Using available device software I think you would need Victron Connect on your phone or PC, using Bluetooth for Solar and DC-DC Charger. The Wakespeed bluetooth app is separate and so is the Rec software. Perhaps a couple of smartshunts using Victron Connect with bluetooth would complete the monitering. If this system can be used effectively, it would be less expensive, but I kind wonder about having so many separate apps.

Using Victron there is also an inexpensive Raspberry_pi alternative which requires: a compatible touch screen, Victron Energy VE.Direct to USB Interface ($25) using Victron OS (opensource software) to connect the Victron SmartShunt 500A ($125) and other Victron devices with VE.Direct.
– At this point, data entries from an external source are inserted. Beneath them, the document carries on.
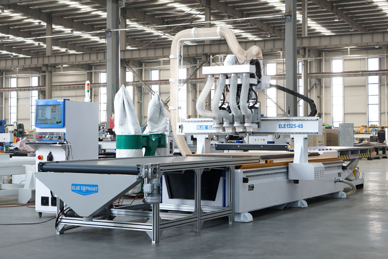 新款四工序開料機(jī)帶自動上下料平臺,新式大方管床身,加工穩(wěn)定性好,長期加工不變形;
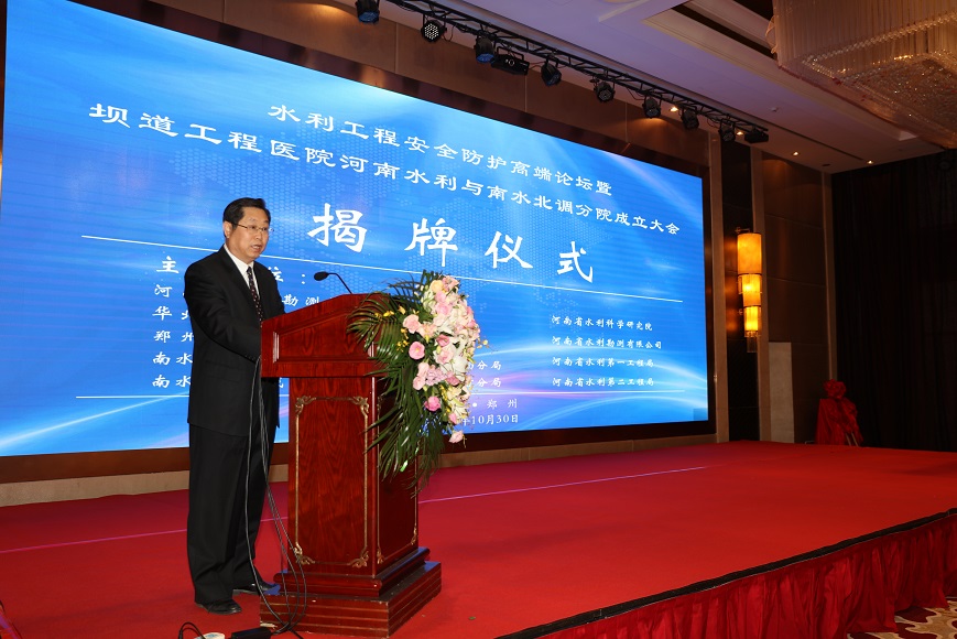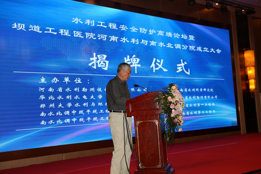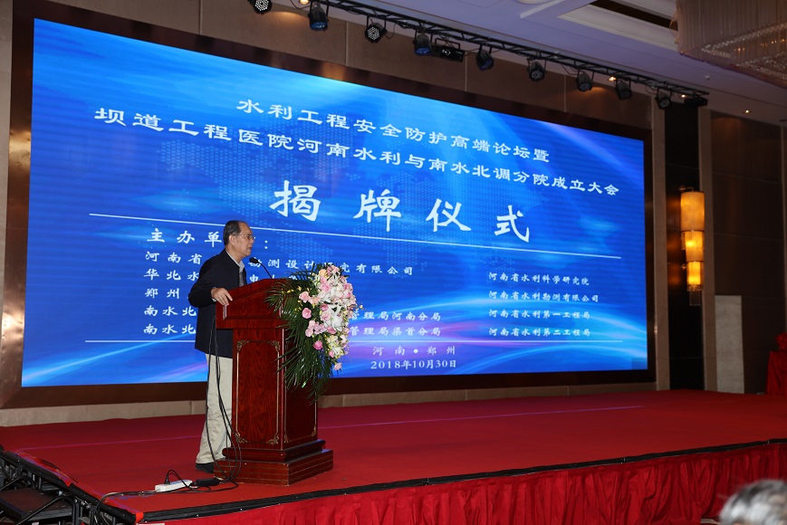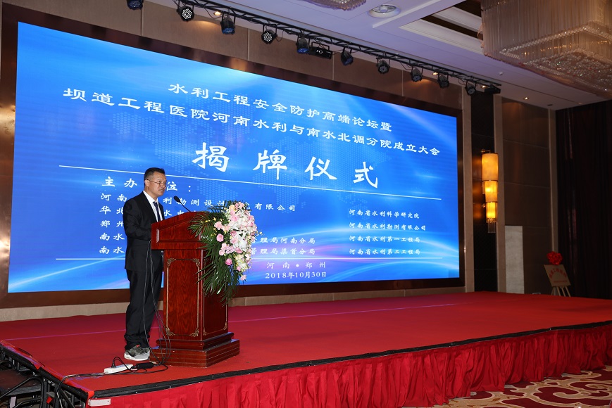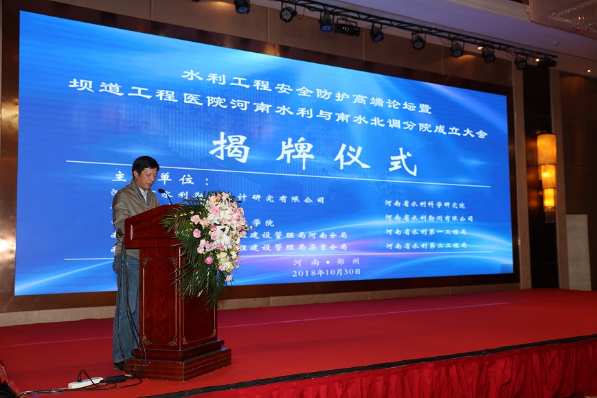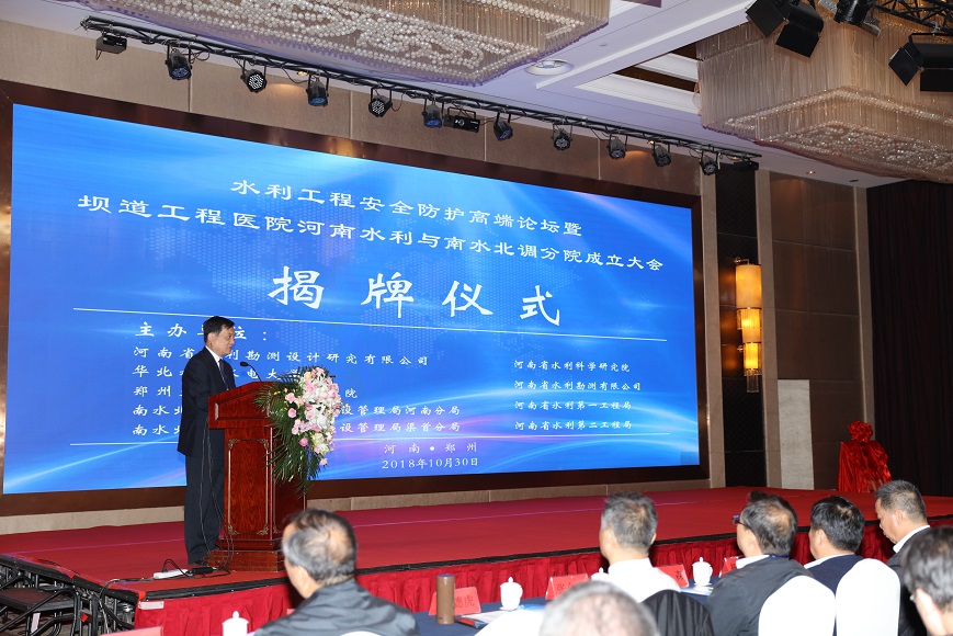 2018年10月30日上午,水利工程安全防護(hù)高端論壇暨壩道工程醫(yī)院河南水利與南水北調(diào)分院成立大會(huì)在鄭州天鵝城國(guó)際飯店隆重召開(kāi)。中國(guó)工程院王家耀院士、王復(fù)明院士等來(lái)自40多家單位的領(lǐng)導(dǎo)、嘉賓200多人參會(huì)。會(huì)議開(kāi)幕式由河南省水利勘測(cè)設(shè)計(jì)研究有限公司翟淵軍董事長(zhǎng)主持,華北水利水電大學(xué)劉文鍇校長(zhǎng)致歡迎辭,相關(guān)領(lǐng)導(dǎo)講話,王復(fù)明院士介紹了《壩道工程醫(yī)院建設(shè)進(jìn)展》,會(huì)議舉行了揭牌儀式和高端論壇。
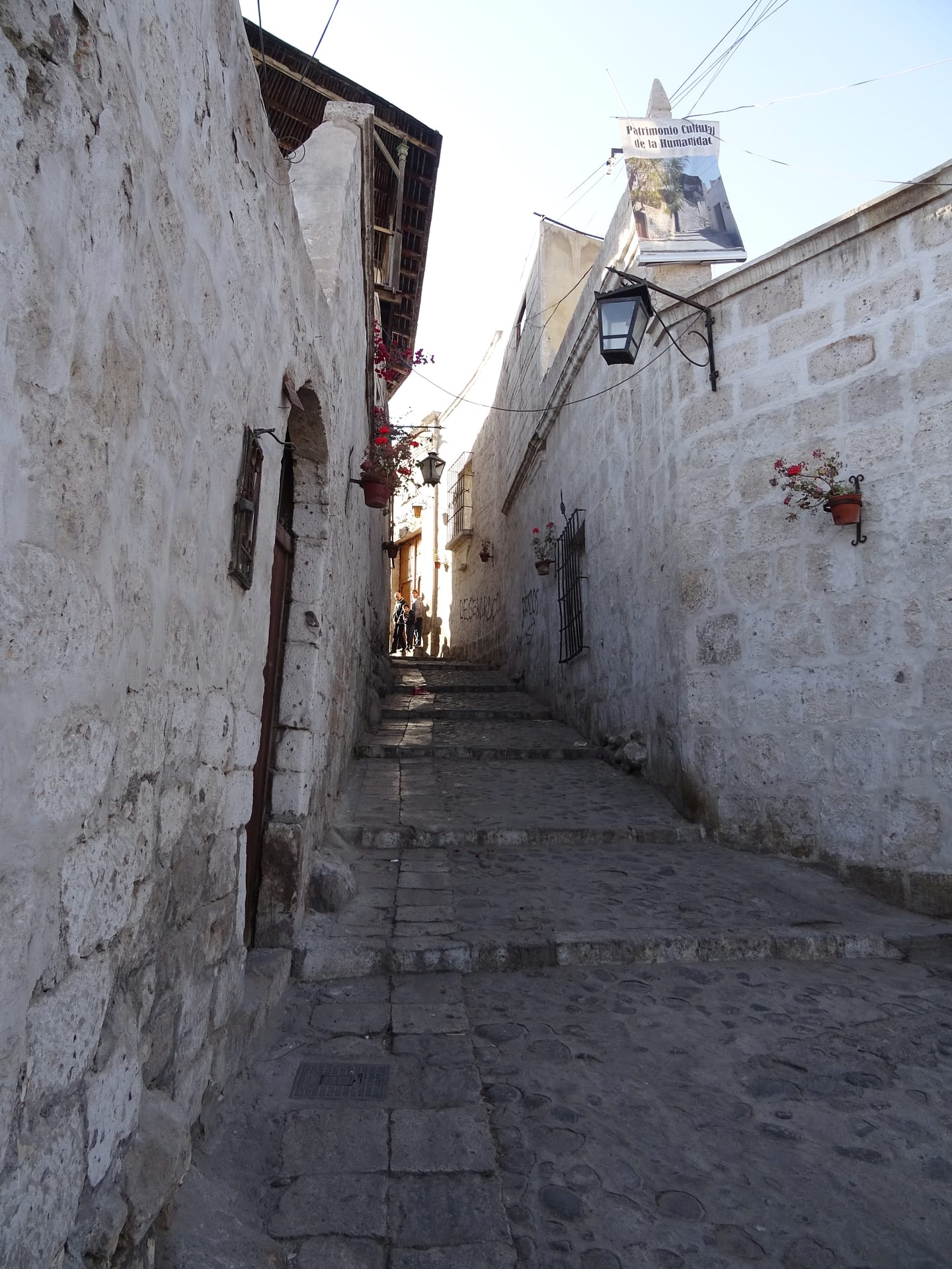 Zum Abschluss der Tour gehen wir über die älteste Strasse in Arequipa (die übrigens auch Weltkulturerbe ist) zu einem Aussichtspunkt. Von hier aus hat man einen tollen Blick auf die Stadt und die umliegenden Vulkane. Bevor wir wieder Richtung Hostels gehen, genehmigen wir uns noch ein „Käse Eis“. Dies ist einmalig in Peru und nur in Arequipa zu bekommen. Es handelt sich dabei aber nicht wirklich um Käse Eis, sondern um Kokoswasser, Vanille und Milch, was zusammen in einem kalten Behälter gerührt wird und dieser Vorgang ähnlich aussicht wie die Herstellung von Käse.
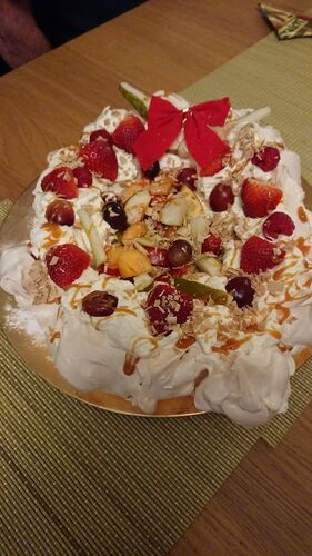 さて、メインでお腹いっぱいになったところへ、極限状態まで持っていくために、デザートで〆ます。 デザートは義母がパブロバを作ってきてくれたので、そちらがメインになります。 義母の作ったパブロバ 私は、ちょこっと端の彩りに、チョコの蝶のデコレーシ…
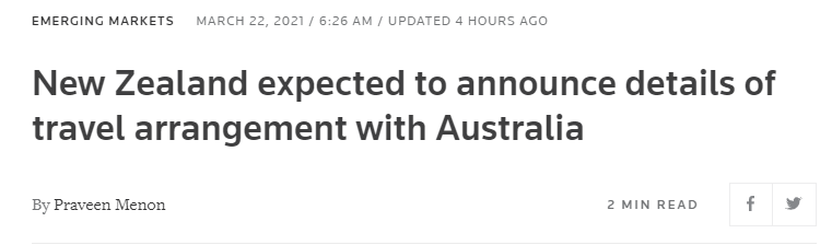 阿德恩沒有透露具體細節或兩國將在何時啟動免隔離旅行。據當地媒體消息,這項計劃可能在4月底開始。阿德恩預計在22日晚些時候召開內閣會議後,舉行新聞發布會並宣布決定。

This would eliminate need to purchase of Victron Cerbo GX ($340) and GXtouch 50 ($200) Screen (GX product range). I'd like to monitor the energy flow between:

1. Wakespeed WS500 - how can the Canbus information be accessed?
2. REC BMS LFP Battery - how can the Canbus information be accessed? Add a Smartshunt too?
3. (2) SmartSolar 75/15 - Bluetooth app and via VE.Direct port
4. Orion TR Smart DC-DC 12/12 30 - Bluetooth app only, Victron Connect does no show current in or out.
5. SFA Battery (perhaps) - add a Smartshunt?

The difference is that there would be $29 VE.Direct to USB cables running all over, rather than using Bluetooth or Wifi.